> The problem
When you transcribe the listing that follows, keep every line exact and omit the pictures.
====== Dataset excerpt
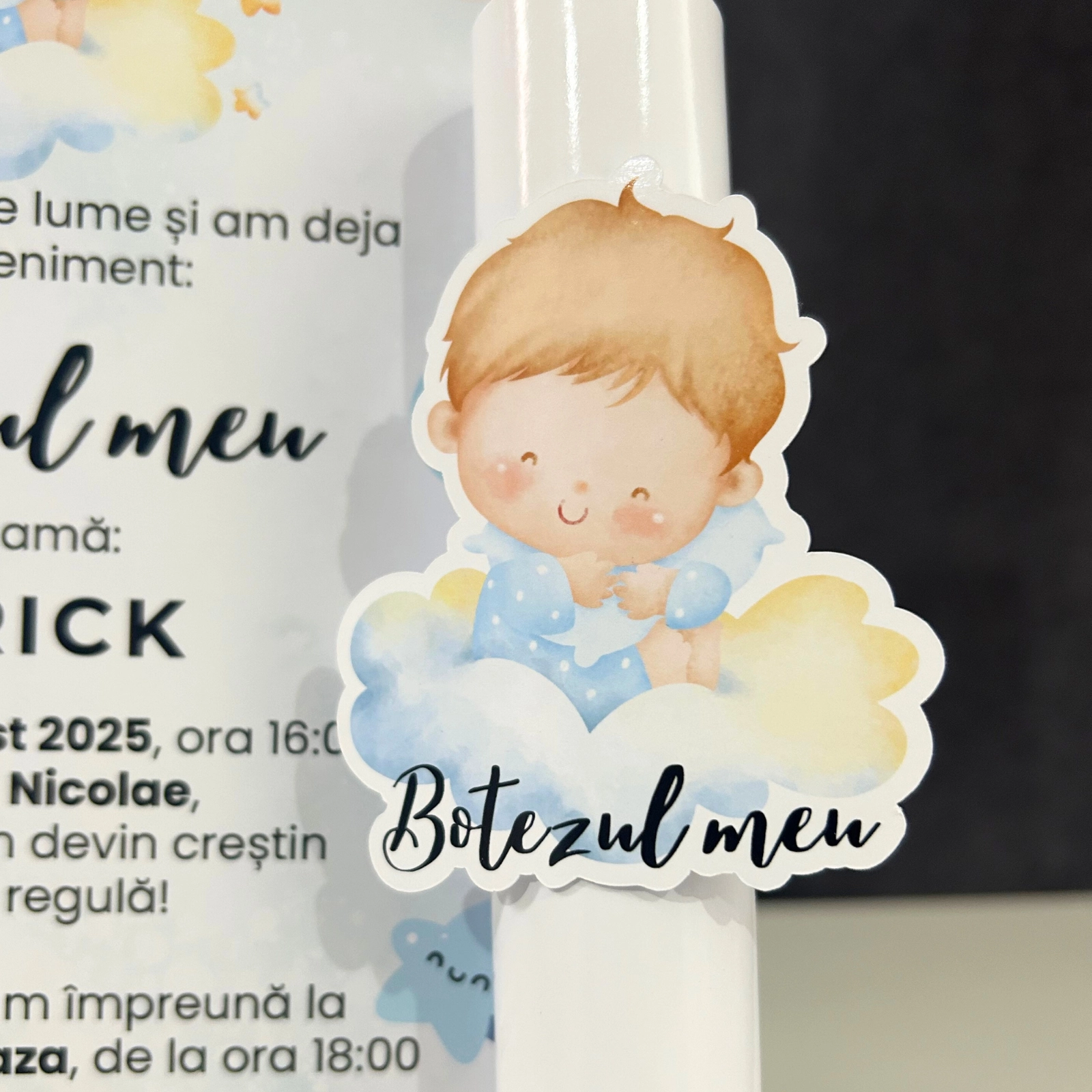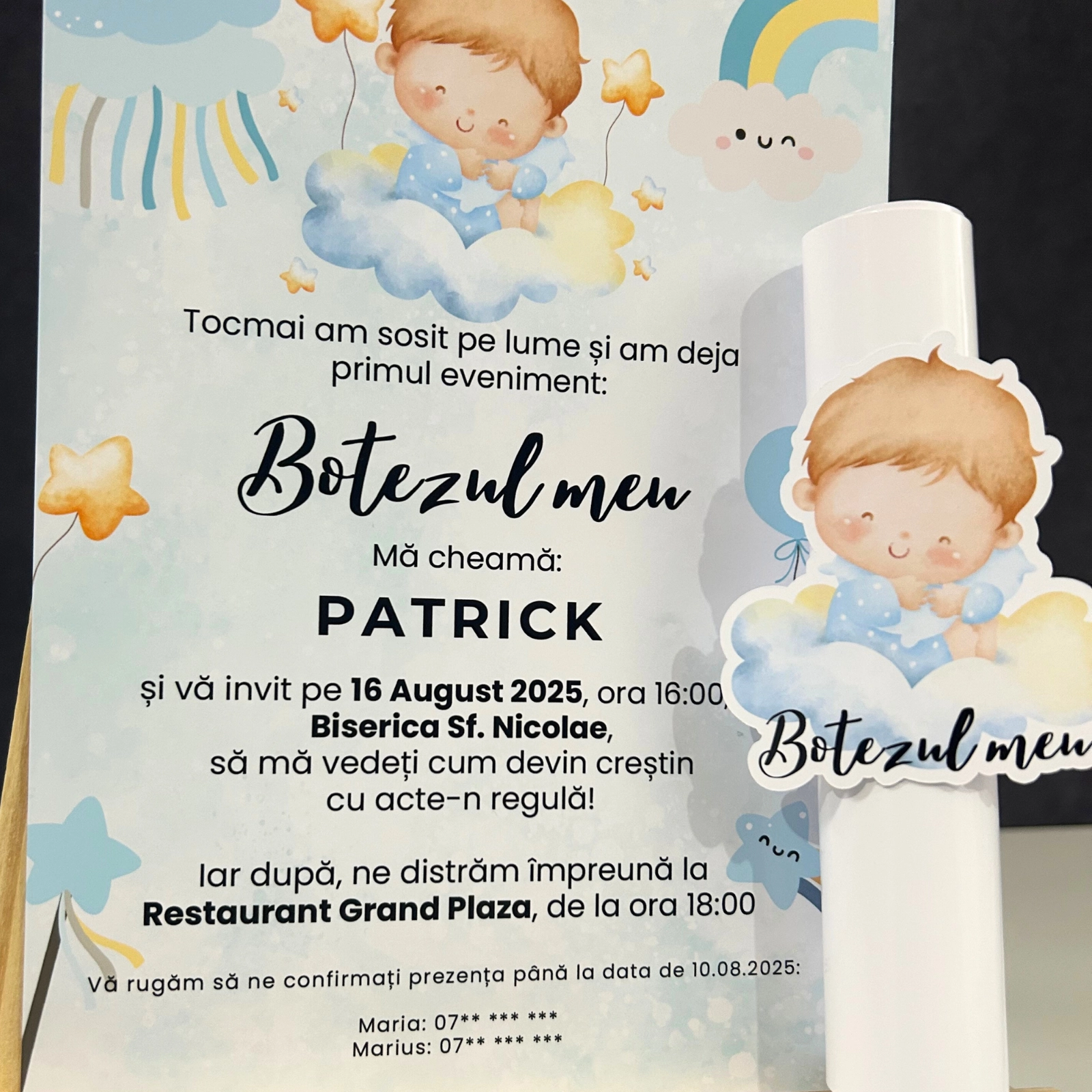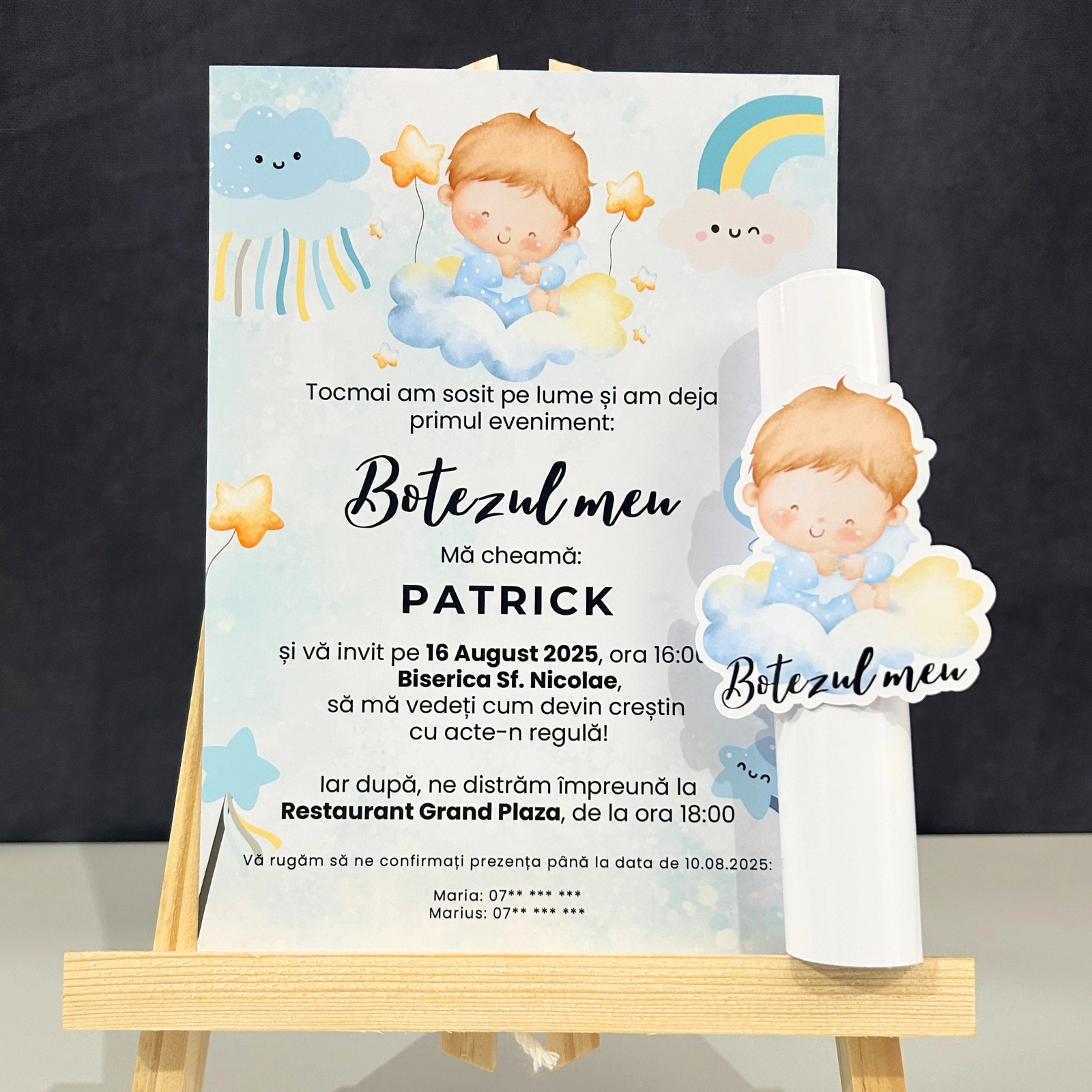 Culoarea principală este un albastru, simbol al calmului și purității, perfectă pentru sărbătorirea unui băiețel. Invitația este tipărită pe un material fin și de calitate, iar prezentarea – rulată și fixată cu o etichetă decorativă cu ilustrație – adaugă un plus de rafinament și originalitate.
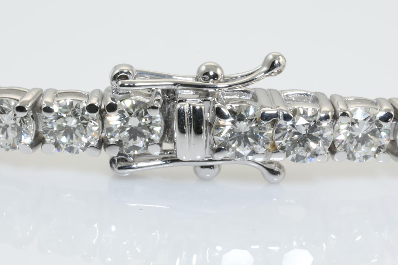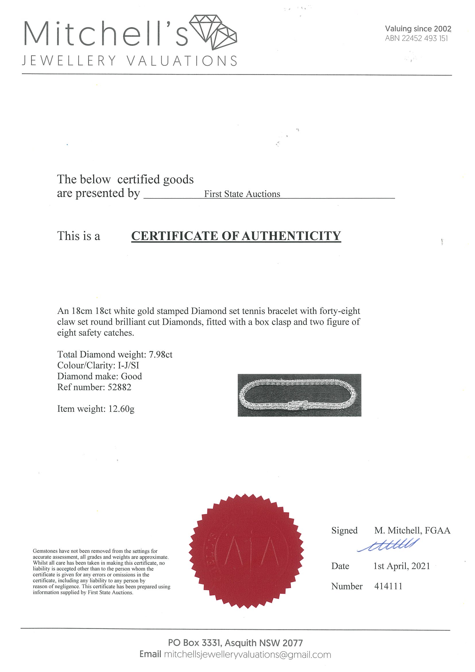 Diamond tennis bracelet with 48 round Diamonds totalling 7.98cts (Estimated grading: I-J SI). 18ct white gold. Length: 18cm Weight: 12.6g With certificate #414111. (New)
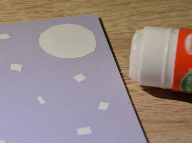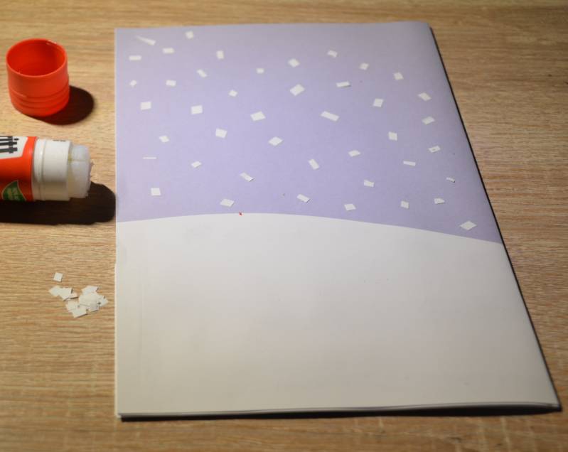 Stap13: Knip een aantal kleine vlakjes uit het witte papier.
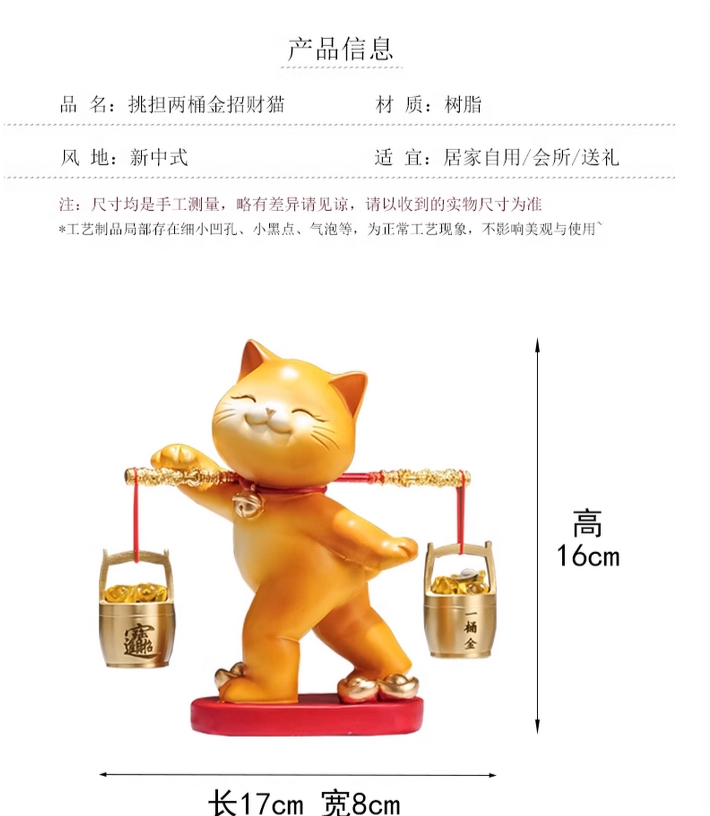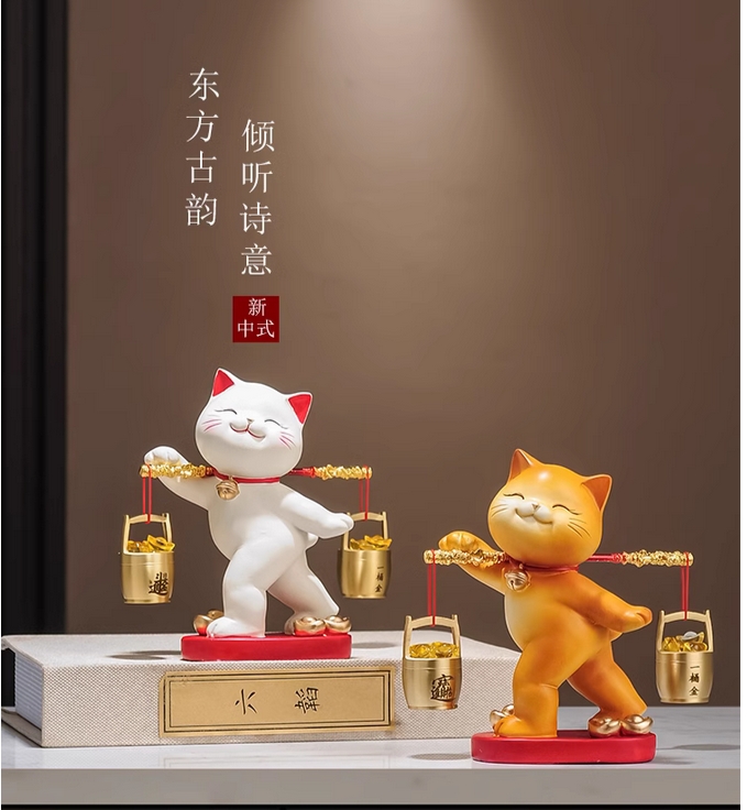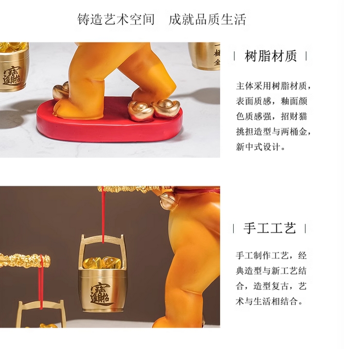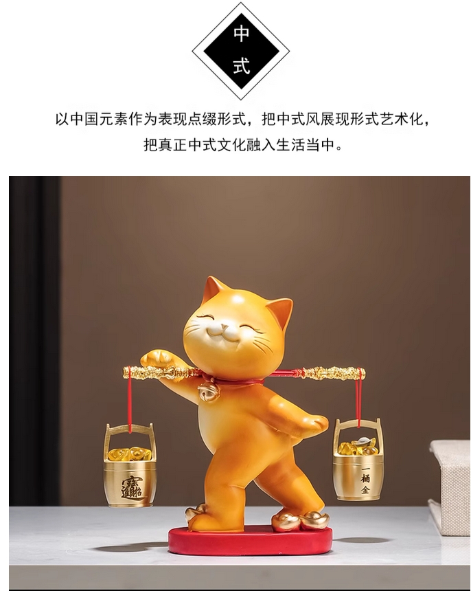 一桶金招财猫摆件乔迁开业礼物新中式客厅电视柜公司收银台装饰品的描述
============
> Solution for this exercise
 Culoarea principală este un albastru, simbol al calmului și purității, perfectă pentru sărbătorirea unui băiețel. Invitația este tipărită pe un material fin și de calitate, iar prezentarea – rulată și fixată cu o etichetă decorativă cu ilustrație – adaugă un plus de rafinament și originalitate.
 Diamond tennis bracelet with 48 round Diamonds totalling 7.98cts (Estimated grading: I-J SI). 18ct white gold. Length: 18cm Weight: 12.6g With certificate #414111. (New)
 Stap13: Knip een aantal kleine vlakjes uit het witte papier.
 一桶金招财猫摆件乔迁开业礼物新中式客厅电视柜公司收银台装饰品的描述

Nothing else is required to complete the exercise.